We conducted a cross-sectional survey of 352 HMO members age 65 or older with, at a minimum, diabetes, depression, and osteoarthritis. We assessed self-reported ‘disease burden’ (a severity-adjusted count of conditions) as a function of biopsychosocial factors, two data-based comorbidity indices, and demographic variables.
In multivariate regression, age, ‘compound effects of conditions’ (treatments and symptoms interfering with each other), self-efficacy, financial constraints and physical functioning, were significantly (p ≤ 0.05) associated with disease burden. An ICD-9-based morbidity index did not significantly contribute to disease burden, and a pharmacy-data based morbidity index was minimally significant.
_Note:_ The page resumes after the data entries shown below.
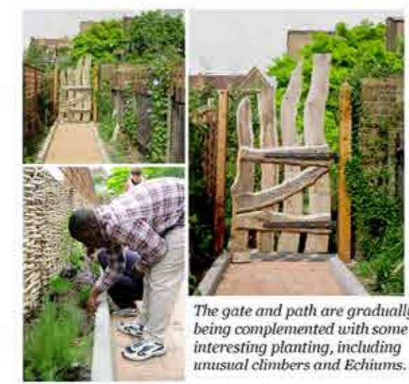
The gate and path are gradually being complemented with some interesting planting, including unusual climbers and Echiniums. Students from Tippett School help with planting along the new path.
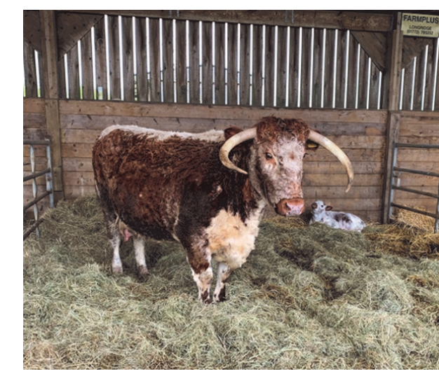
Grumbledore & her calf
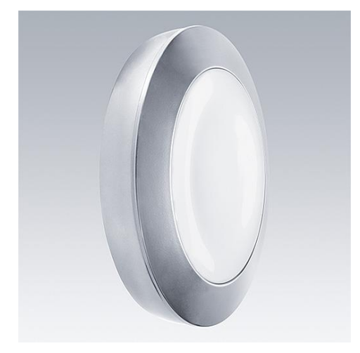
Photographs, line drawings and photometric data are representative only. For specific product detail please select an individual product.
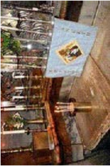
Inside the Tomb of Christ where the Body of Christ was laid. From our Parish Pilgrimage to Jerusalem
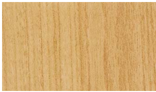
TF4811 ☼ ⓘ Cherry · SF
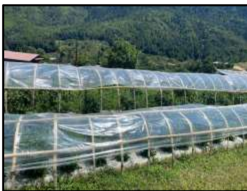
b. Low cost domed shaped polytunnel
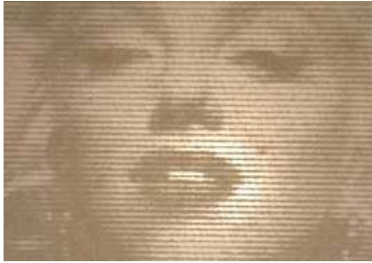
Detail For Artwork
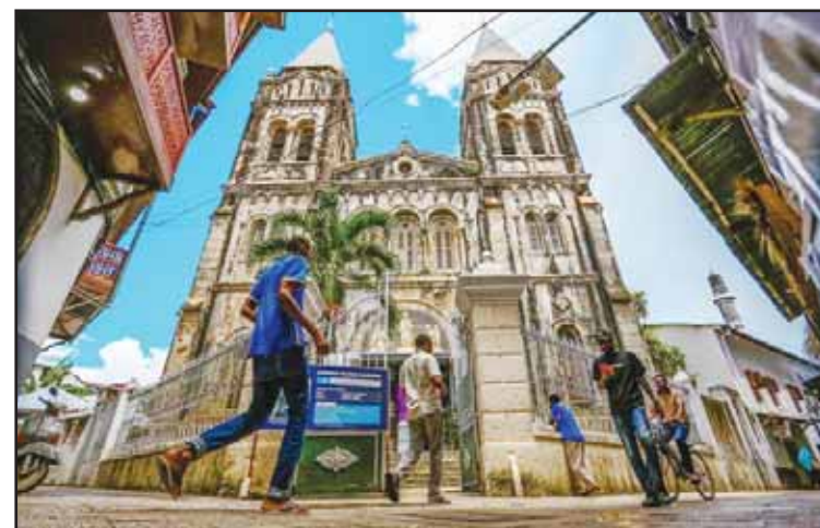
Pedestrians walk past the Catholic Museum Zanzibar in Stone Town, Zanzibar, Tanzania, March 24, 2026.

For example, key structural elements for the House of Wonders, such as cast iron columns and beams, have had to be sourced from abroad, with shipping timelines of up to six or seven months. Alawi said that even traditional materials like mangrove poles can be difficult to procure consistently.
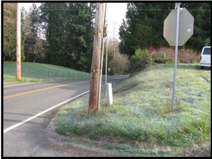
Before – limited sight distance
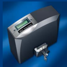
tousek sliding-gate operators compact and safe
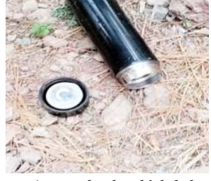
A water bottle which led to panic in Rajouri on Tuesday.

Excelsior Correspondent RAJOURI, Feb 28: A water bottle created panic in Panja Chowk area of this district in the morning. Suspecting it to be an Improvised Explosive Device (IED), police and CRPF personnel rushed to the spot and called the Bomb Disposal Squad. On detailed examination, the object turned out to be the water bottle left by some person.
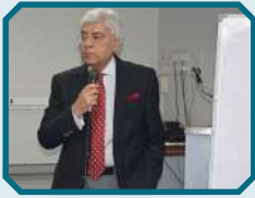
concluding remarks by the Medical Director

Department of General Surgery and Nursing Services organized Nursing Awareness Session on Bariatric Surgery on 28 th February, 2023. Overall 71 participants have attended this session.
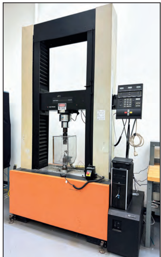
INSTRON 4400R TENSILE TESTER

ALSO: Height Gages, Outside Micrometers, Digital Calipers, Gage Blocks, Dial Calipers, Inside Micrometer, Angle Plates and More
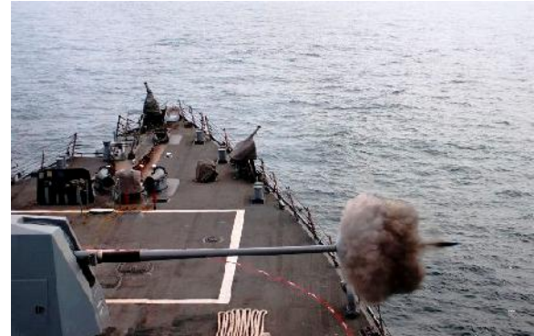
Churchill firing 5 inch gun during earlier deployment. Outgoing blurred shell can be seen leaving expanding muzzle blast.

Connecticut is one of three Seawolf subs. Originally intended as a class of 29 submarines, the end of the Cold War and budget constraints led to the reduction. The class is significantly quieter than Los Angeles-class submarine, faster, has more torpedoes tubes, and can carry more weapons.
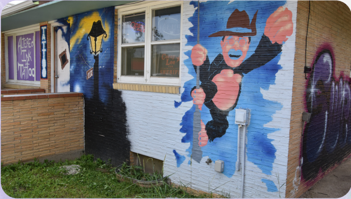
"Altered Ink Tattoo"
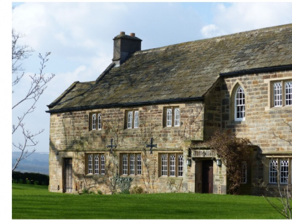
Bole Hill House is a former schoolhouse dated 1677, with a 19th-century extension to the right. It has Gothick windows throughout.
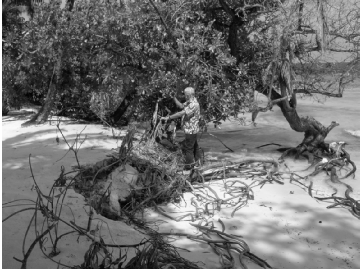
Figure 9. The most obvious tsunami damage was to the vegetation. This photograph demonstrates the extent of erosion and under-mining of the vegetation. The tree in the photograph is now standing in the sea. The roots of the trees are now exposed above sea level. Many trees were killed, undermined, damaged by salt, and their leaves stripped.

On Guraidhoo Island we were informed that some of the erosional scarps existed prior to the tsunami. And, on Biyadhoo Island we saw a similar scarp formed between our first survey at low tide and our second survey at high tide. Clearly, normal current induced erosion events can produce scarps just like those reported by local residents as being due to a tsunami origin and observations even a month after the event cannot distinguish between the two origins. Photographs taken of the islands prior to the tsunami indicate that many of the erosions scarps were present prior to the tsunami and thus seasonal erosional processes must have formed some of them.

This measure of self-reported disease burden represents an amalgamation of functional capabilities, social considerations, and medical conditions that are not captured by two administrative data-based measures of morbidity. This suggests that a) self-reported descriptions of multimorbidity incorporate biopsychosocial constructs that reflect the perceived burden of multimorbidity, b) a simple count of diagnoses should be supplemented by an assessment of activity limitations imposed by these conditions, and c) choice of morbidity measurement instrument should be based on the outcome of interest rather than the most convenient method of measurement.
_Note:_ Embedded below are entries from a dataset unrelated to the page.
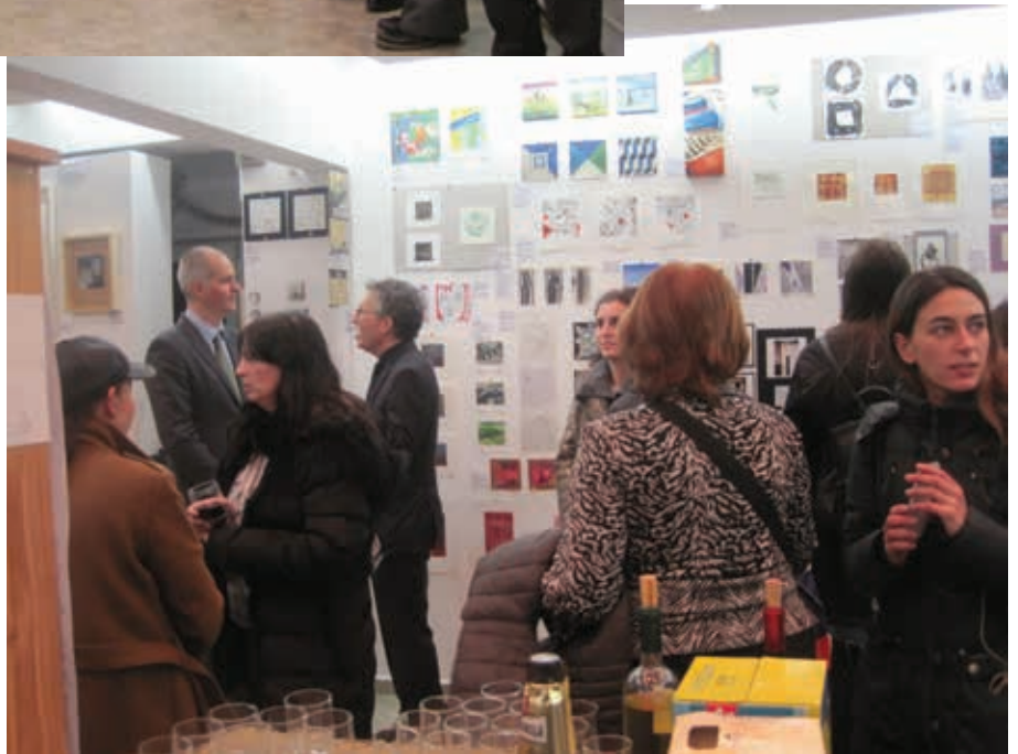
Opening reception - visitors
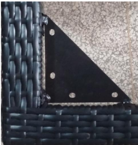
Top side of frame
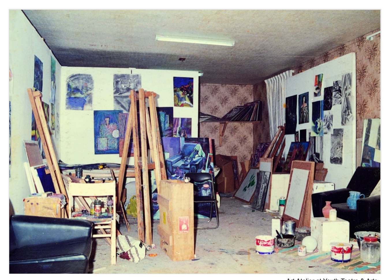
Art Atelier at Youth Teatre & Arts.

Performance art today, we quickly observed, sits at the nexus of a specific historical condition; one defined, in part at least, within the localized conditions of underfunding, under-investment, and an undervaluing of culture and its role in public space and social debate. To this, we need to also enquire into the global condition of visual culture against a backdrop of overt conflict and incipient unrest. Yet, if the performative gesture has become a barometer of sorts for the condition of visual culture and the conditions under which it continues to practice, then we should also note the relative lack of research into the formative practices of performative art. Where are the genealogies in a region that continues to have a complex and often fractious relationship to art histories in general?
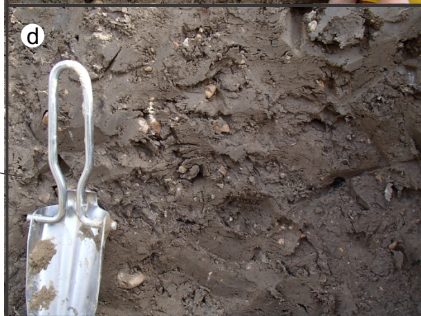
Figure 28: Photos of sediments present at section 15112TH097: a) river-view of the river cut exposing sediments; b) upper sand; c) inter-till clay seam. Contacts are highlighted by the white dashed lines; d) lower till.
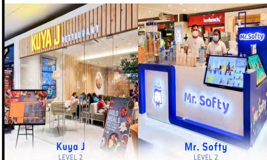
SM CITY BACOR, CAVITE – What's new at level two? Two of what you've always missed and craved for! SM City Bacor brings you a taste like home in a homy dining experience with Kuya J's great Filipino gastronomic delights, and Mr.Softy's smooth and creamy soft-served ice cream. Bring your family for a sumptuous lunch or dinner at Kuya J Restaurant and enjoy their savory Filipino dishes everyone loves! Got kids in the family? Treat them with Mr.Softy's soft-serve iced cream for a little sugar rush and happy smile! Head now with your family and kids at the 2nd Level of SM City Bacor and enjoy these.
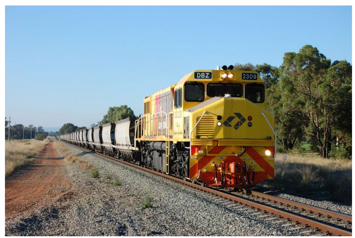
DBZ2309 on 7253 empty coal train at North Pinjarra May 12th.
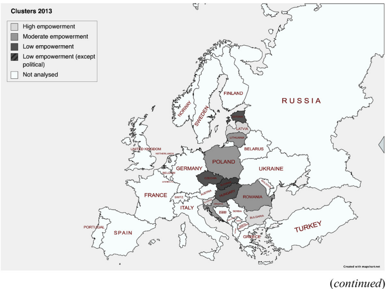
Figure 2. Countries of CEE based on masculinity as cultural dimension and female empowerment

said to have increased. However, there are still countries – like Estonia – where even though women are better educated, they still struggle with employment inequity. The pay gap between men and women increases and their involvement in senior positions is still insufficient. Hungary and Romania have not deteriorated, but neither have they made significant improvement. However, these countries are on a path to closing the pay gap and accommodating more women in senior positions.
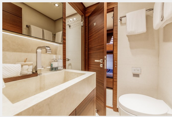
PRIMA MEA 107'/32.61m Vicem 2013/2021: Guest Ensuite
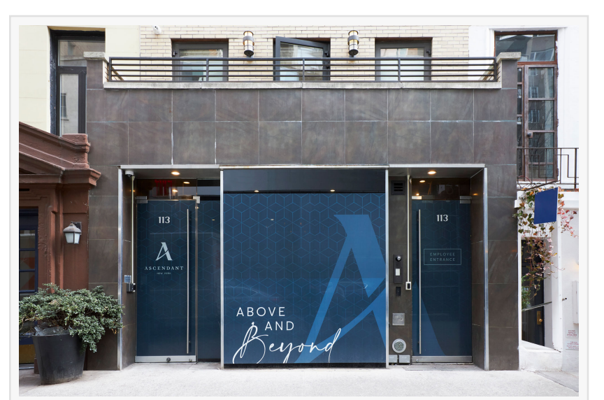
Ascendant Detox - NYC Outside View

Relapse Prevention Therapy: Equipping individuals with practical skills and strategies to identify triggers, manage
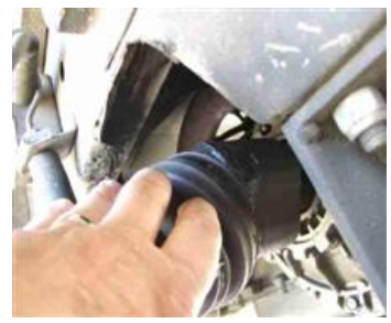
Pull the boot off of the tulip. If it is cooked on, this may take a bit of effort. Also, it is full of grease. Get a roll of cheap paper towels, you will need them!
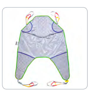
Deluxe General Purpose with Head Support
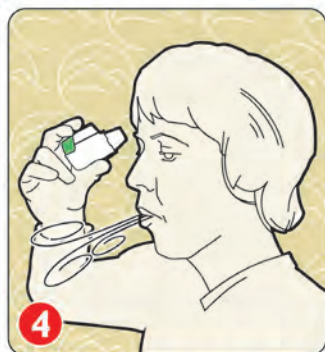
4 BREATHE OUT
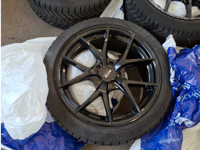
Figure 25: Misc.
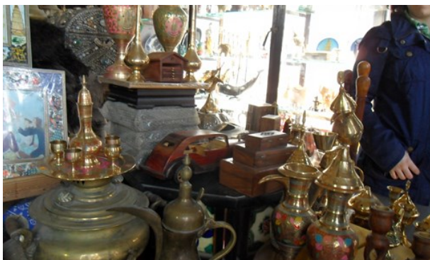
ainudil (image cropped)

Baghdad's historic shopping area stretches out from Shuhada Bridge to Ahrar Bridge, Rashid Street being a traveler's main landmark - most specialized shopping streets (souqs) are off the Rashid Street's either side. Some highlights of the busy shopping labyrinth include the deafening Coppersmith Souq, vibrant Shorjah

In studying health outcomes of persons with chronic disease, it is important to consider the effects of coexisting chronic conditions. Multiple instruments have been developed to quantify morbidity for research and patient care, and the choice of instrument depends on the methodology and outcomes of the investigation. There are multiple advantages to using self-report to measure multimorbidity. Self-report of morbidity provides information that is not available elsewhere—especially with regard to the functional impact of a condition.(1) Compared with chart review, self-report requires fewer resources, may be more complete, and is not limited to a specific time period.(2) Self-report is also helpful in population surveys when patient records or administrative data are inaccessible.(3) Although self-report is theoretically subject to recall bias, self-report of conditions has been shown to correlate reasonably well with medical record review.(1;4-7)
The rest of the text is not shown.